Many people think that imago moths will produce a single batch of eggs and then flit away somewhere to die quietly, their function performed. Not so the Hummingbird Hawk Moth, which will produce at least two broods of eggs in a year – in fact it will lay up to four sets of eggs in a year. It does not hibernate but it is much less active in the colder seasons. It overwinters where it can find a nook or cranny – among rocks, trees and even buildings. If there is a particularly warm day during the winter it will come out and feed.

It lays its eggs singly. Its caterpillar – at first yellow – become a rather regal looking green as it heads towards it pupa stage. Pale and glossy, the green eggs have a diameter of only a single millimeter. They resemble the buds of the host plant Galium and take up to eight days to hatch, camouflaged as they are to look like part of the general greenery. The female will lay anything up to two hundred eggs, each on a separate plant – a very tiring business no doubt.

With two grey stripes, each with a creamy border and a purply red horn at the end to frighten off would be attackers the larva feeds itself at the top of the host. This stage can last as little as only twenty days – depending on the warmth – and then the caterpillar will be ready to pupate. When this happens they do not thread themselves on to the plant but drop to the soil and detritus at the base of the plant. Hidden there, they will hopefully emerge safely as the imago. It has evolved, at this stage, to look like something that nothing would want to eat!

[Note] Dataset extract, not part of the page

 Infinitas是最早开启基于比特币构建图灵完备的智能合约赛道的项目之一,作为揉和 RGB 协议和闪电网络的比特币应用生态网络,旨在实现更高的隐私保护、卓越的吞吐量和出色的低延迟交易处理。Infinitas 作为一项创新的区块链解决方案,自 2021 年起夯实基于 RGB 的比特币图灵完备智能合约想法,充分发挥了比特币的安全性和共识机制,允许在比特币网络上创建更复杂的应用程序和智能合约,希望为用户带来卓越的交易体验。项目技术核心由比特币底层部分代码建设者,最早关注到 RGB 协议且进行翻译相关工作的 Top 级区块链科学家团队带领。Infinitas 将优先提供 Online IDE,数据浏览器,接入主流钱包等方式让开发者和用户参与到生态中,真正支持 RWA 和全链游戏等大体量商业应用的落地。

The adults love flowers with an abundance of nectar. These include Buddleia, Nicotiana and Phlox. The adults do not feed aimlessly, either. They have been seen to trap-line. That means that they return to the same plants at the same time each day. Without the help of the Hummingbird Moth many of our popular garden flowers would not be pollinated. The proboscis has developed over time to its current length as the flowers which attract it the most have long, tube-like organs containing their nectar. Evolution loves necessity – it most certainly is the mother of invention.

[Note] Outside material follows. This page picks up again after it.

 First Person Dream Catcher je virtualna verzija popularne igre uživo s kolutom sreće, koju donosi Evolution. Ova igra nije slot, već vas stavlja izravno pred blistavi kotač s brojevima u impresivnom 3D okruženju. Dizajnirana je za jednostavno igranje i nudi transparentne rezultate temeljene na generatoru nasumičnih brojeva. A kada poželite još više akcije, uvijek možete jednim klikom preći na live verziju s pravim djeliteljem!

So why do these moths look – and act like real hummingbirds? Scientists think that this may well be a case of convergent evolution. This is when an identical biological trait is acquired in completely unrelated lineages. This can happen when two species occupy a similar or the same ecological niche – one that demands a distinct way of life to facilitate survival. Birds and bats would be a fine example. However the flying action of the Hummingbird Hawk Moth came about, one thing is sure: the sight of one as it goes about its business of feeding is one that is never forgotten.